Help! What's (gramatically) wrong with this sentence?

I’m editing a paper that I will turn in this afternoon. Something seems wrong with the following sentence, but for the life of me I can’t figure out what…can our resident grammarians please tell me what it is.

The bolded portion is where it reads wrong to me. I just can’t figure why. I think I’m switching tenses - any suggestions on how to fix it?
Thanks

Change it to “high standards in privacy”, maybe?

it’s not in bold, but ‘those’ is unnessecary, and kinda helps the flow of the sentance I think.

“high standards of privacy” perhaps?

I don’t see a grammatical error.

It does look funny, bit I think it’s technically correct.

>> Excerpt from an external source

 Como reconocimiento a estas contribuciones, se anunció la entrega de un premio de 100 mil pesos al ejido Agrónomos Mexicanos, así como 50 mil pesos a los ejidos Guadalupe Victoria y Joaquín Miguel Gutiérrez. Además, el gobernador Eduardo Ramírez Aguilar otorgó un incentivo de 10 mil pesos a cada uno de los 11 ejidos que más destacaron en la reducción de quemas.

Not a grammatical error, but the reason it sounds wrong is that the descriptive phrase “to have high privacy standards” is too far away from what it really is intended to describe: the sites.

I’d reconstruct the sentence to be something along these lines:

“These programs can assist consumers in locating sites
that have high privacy standards, as evaluated by organizations like the BBB.”

Thanks y’all.
I knew the Dopers could help!

There’s nothing wrong with the sentence, and I can’t figure out why you think the problem has anything to do with tense. The implicit embedded sentences within the sentence are “Organizations such as the BBB have evaluated those sites” and “Organizations such as the BBB consider those sites to have high security standards,” and there’s no problem with tense there. If the problem is that you think the sentence is too complicated, break it up, perhaps by rewriting it as “These programs can assist consumers in locating those sites that have been evaluated by organizations such as the BBB and which have been certified as having high privacy standards.”

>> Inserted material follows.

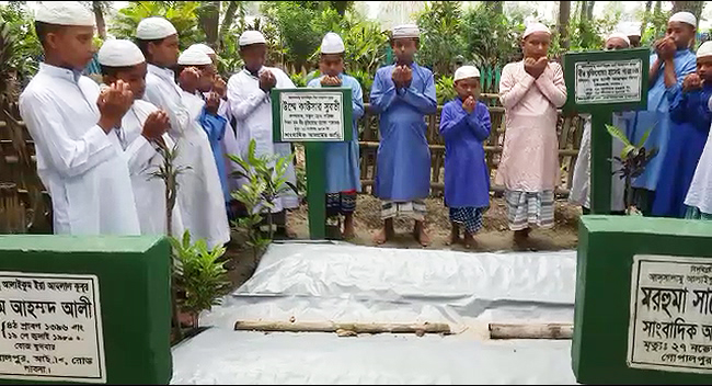 এস এম আলম ,১৯ জুলাই,পাবনা : বিশিষ্ট সাংবাদিক এস এম আলমের পিতা আহম্মদ আলীর ৩২ তম মৃত্যুবার্ষিকীতে তার নিজ বাসভবনে কুরআন খতম ও মিলাদ এবং দোয়া মাহফিল অনুষ্ঠিত হয়। দোয়া পরিচালনা করেন আরিফপুর সদর গোরস্থানের হাফিজিয়া মাদ্রাসার কারি মওলানা গোলাম রব্বানি, বাংলা টিভি জেলা প্রতিনিধি ও অনলাইন ’নতুন চোখ’ পত্রিকার প্রকাশক এস এম আলম। সকালে পাবনা আরিফপুর সদর গোরস্থানে মরহুম এর কবর জিয়ারত করা হয়। দোয়া মাহফিলে অংশ নেন আরিফপুর সদর গোরস্থানের ইমাম হাফেজ মওলানা (মুক্তি) ফরিদুল ইসলাম।

hen in doubt, recast the entire sentence, such as:

“Borrowing on the research of the BBB and similar consumer organizations, these programs help the public locate sites that comply with established privacy standards.”

What MLS said.

I think the reader has just accepted ‘the BBB’ as the current subject of the sentence (because they evaluate and consider) when suddenly it switches back to ‘those sites’ as the subject.

Alternatively, how about:

‘These programs can assist consumers in locating those sites that organizations like the BBB have evaluated as having high privacy standards.’

Oops, I meant that one of the embedded sentences was “Organizations such as the BBB consider those sites to have high privacy standards.”

Because I always manage to screw up my tenses somehow - whether in English or in other languages, so now it’s one of those things that I assume I’ve screwed up somewhere. :o

I agree with Celyn re:“high standards of privacy” because it’s the standards that are high, not the privacy. In the original phrase the mind stutters trying to decode what high privacy is.

The tenses were a little confusing

“These programs can assist consumers in locating those sites that organizations such as the BBB have evaluated and* consider* to have high privacy standards.”

“Have evaluated” is in a past tense, “consider” is the present tense. MLS’ rewrite , above, cures the problem.

While “have evaluated” refers to something previously done, it is in the present perfect tense and is compatible with the simple present tense.